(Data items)
# # # #

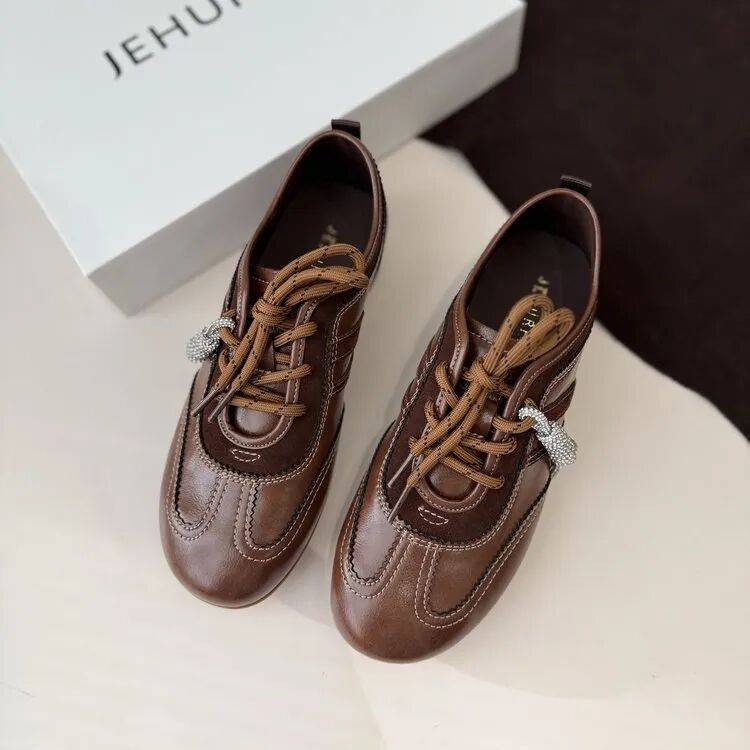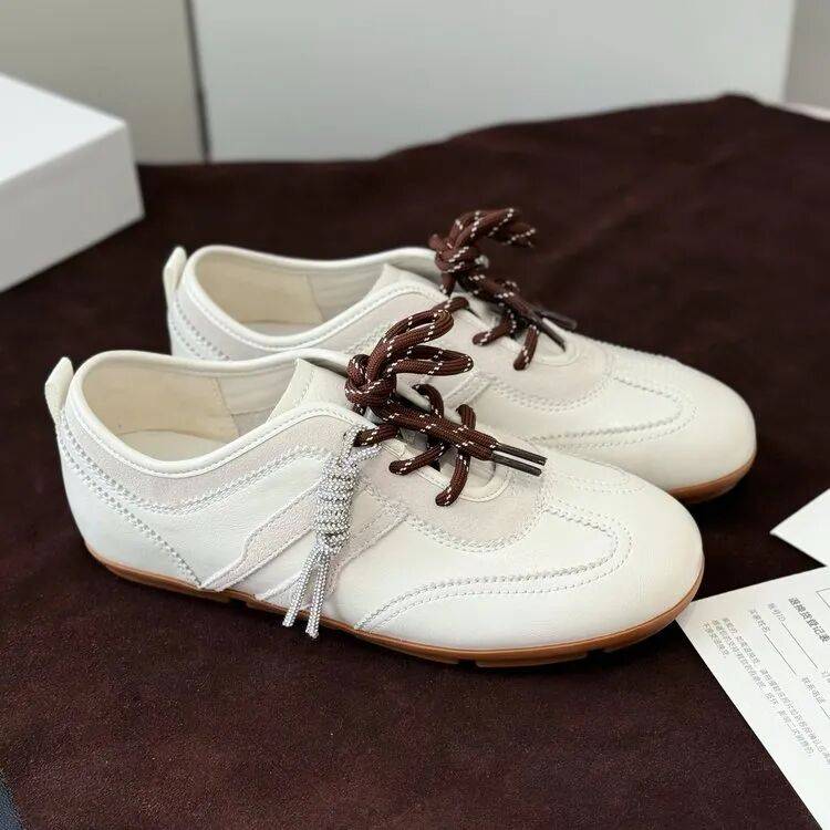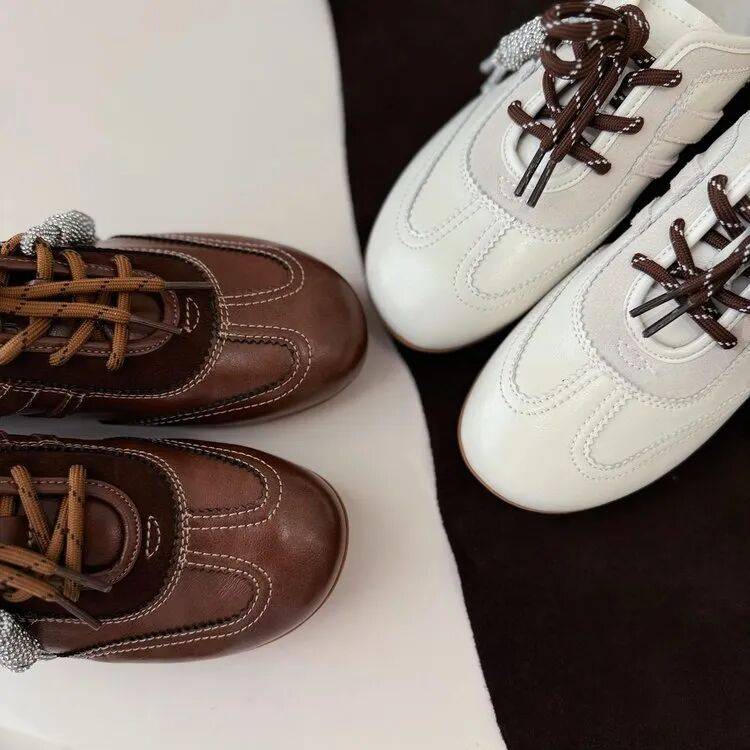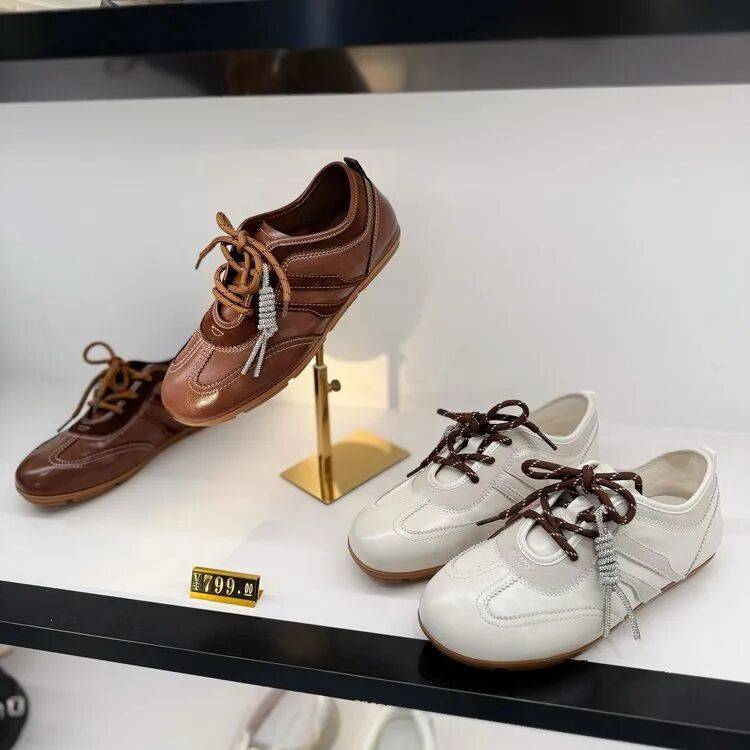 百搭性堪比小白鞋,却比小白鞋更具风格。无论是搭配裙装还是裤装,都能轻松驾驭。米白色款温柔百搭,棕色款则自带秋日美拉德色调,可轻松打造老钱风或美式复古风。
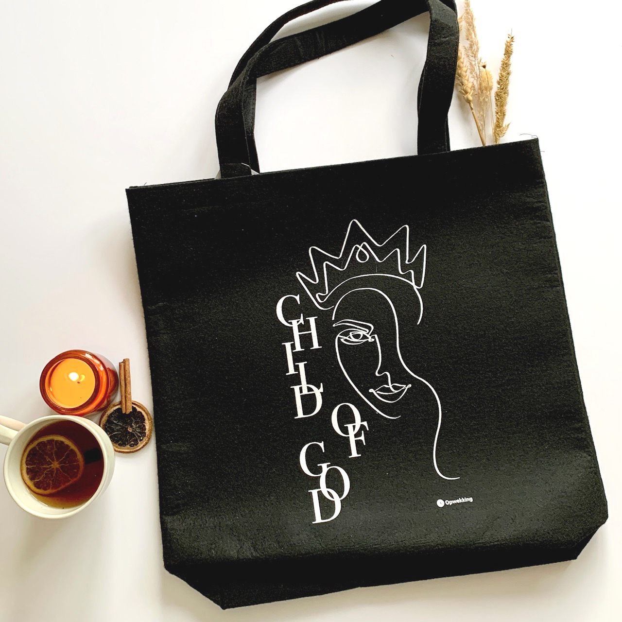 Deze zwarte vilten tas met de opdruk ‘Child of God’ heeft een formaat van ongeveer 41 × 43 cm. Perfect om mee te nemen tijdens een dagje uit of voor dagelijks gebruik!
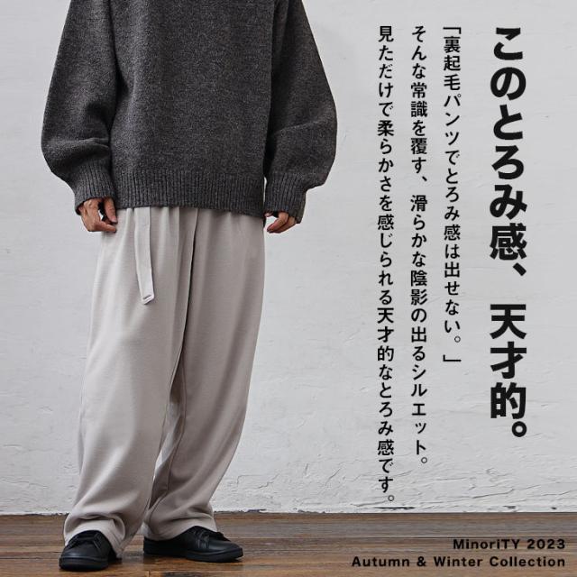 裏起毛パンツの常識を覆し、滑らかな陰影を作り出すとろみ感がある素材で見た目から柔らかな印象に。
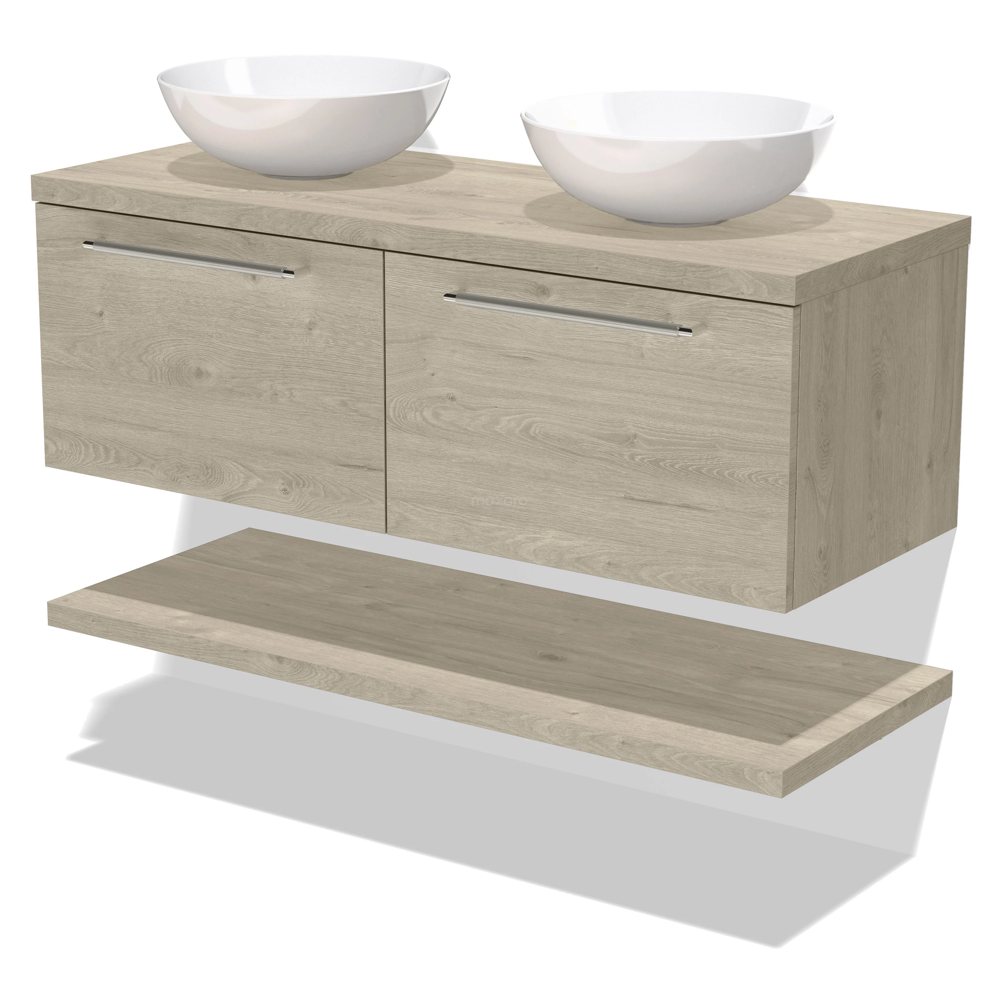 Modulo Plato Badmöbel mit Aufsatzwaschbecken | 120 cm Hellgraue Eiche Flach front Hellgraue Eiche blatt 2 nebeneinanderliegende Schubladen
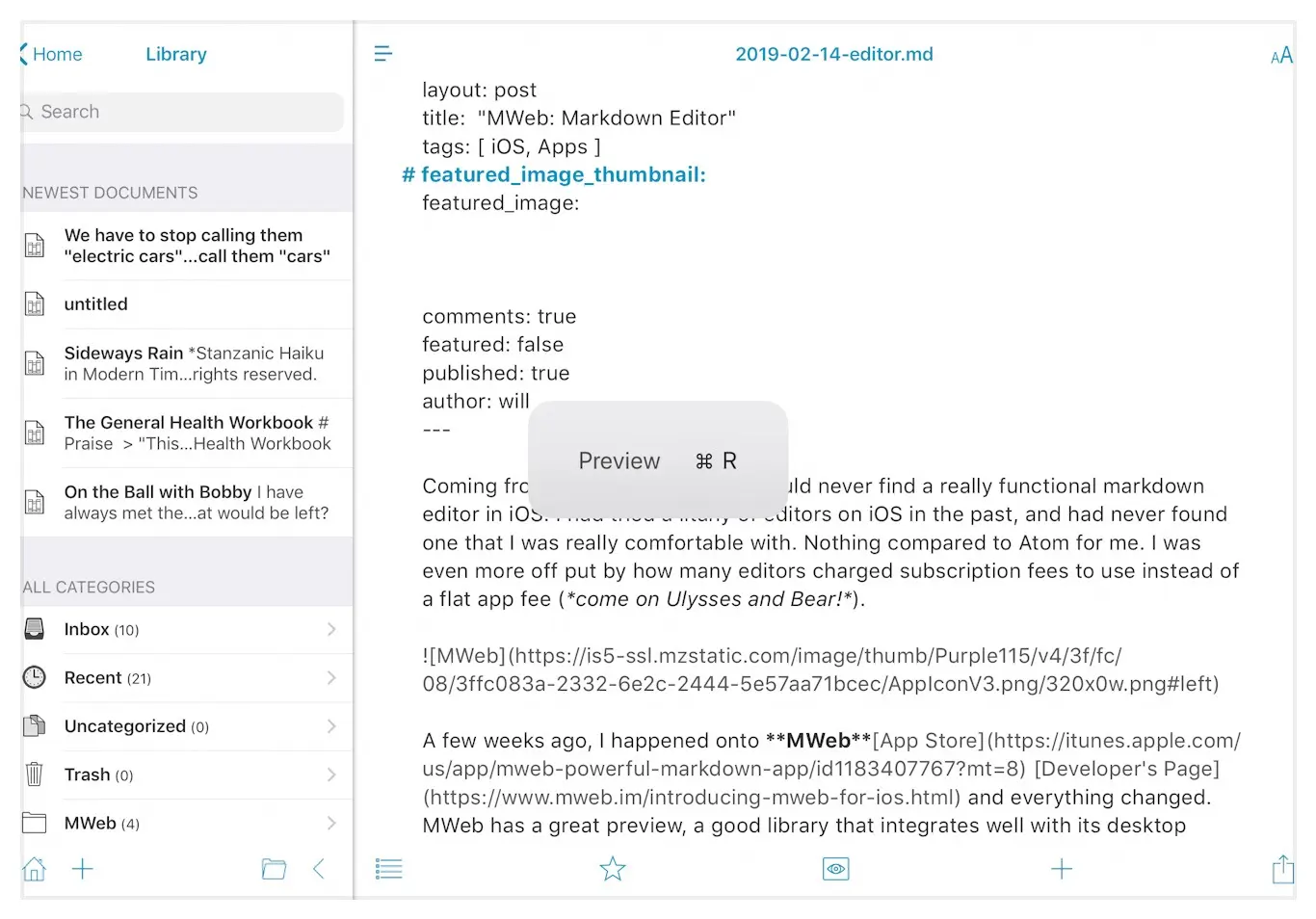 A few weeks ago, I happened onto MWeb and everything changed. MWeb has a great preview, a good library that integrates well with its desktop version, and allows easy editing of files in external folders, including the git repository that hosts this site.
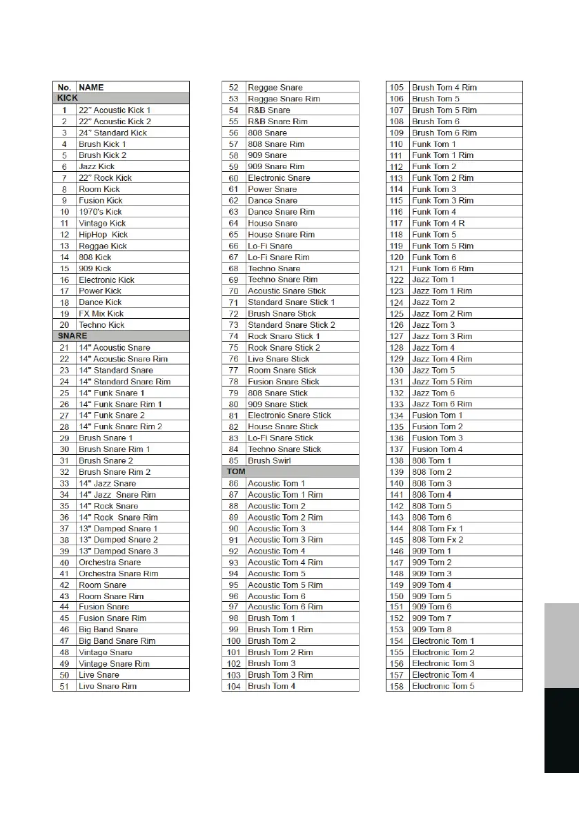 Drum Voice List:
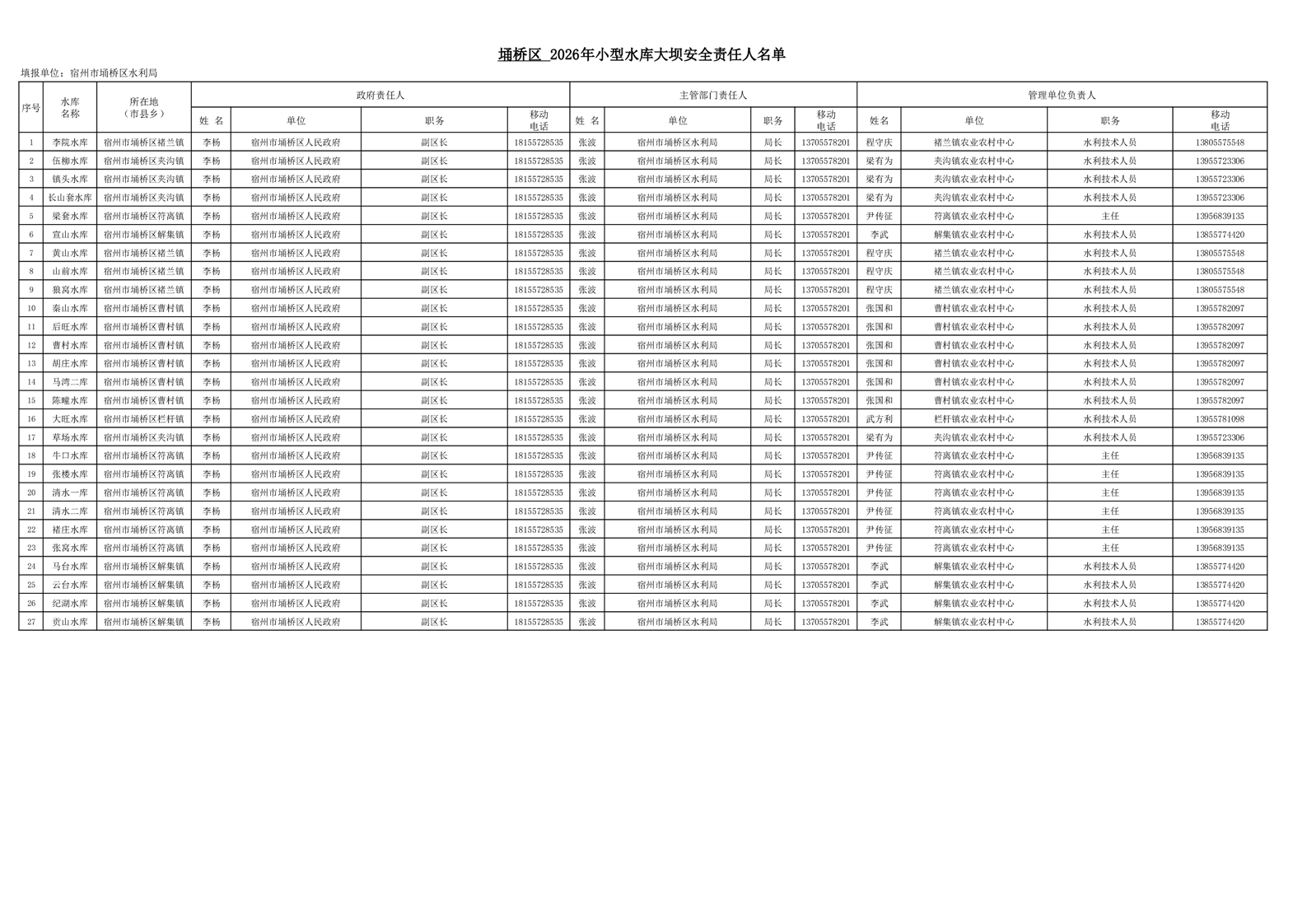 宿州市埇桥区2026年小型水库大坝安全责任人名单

# # # #

From the line containing "A few weeks" to the end of the data above, give those lines again verbatim, with both endpoints included and no images.

Response ▸
 A few weeks ago, I happened onto MWeb and everything changed. MWeb has a great preview, a good library that integrates well with its desktop version, and allows easy editing of files in external folders, including the git repository that hosts this site.
 Drum Voice List:
 宿州市埇桥区2026年小型水库大坝安全责任人名单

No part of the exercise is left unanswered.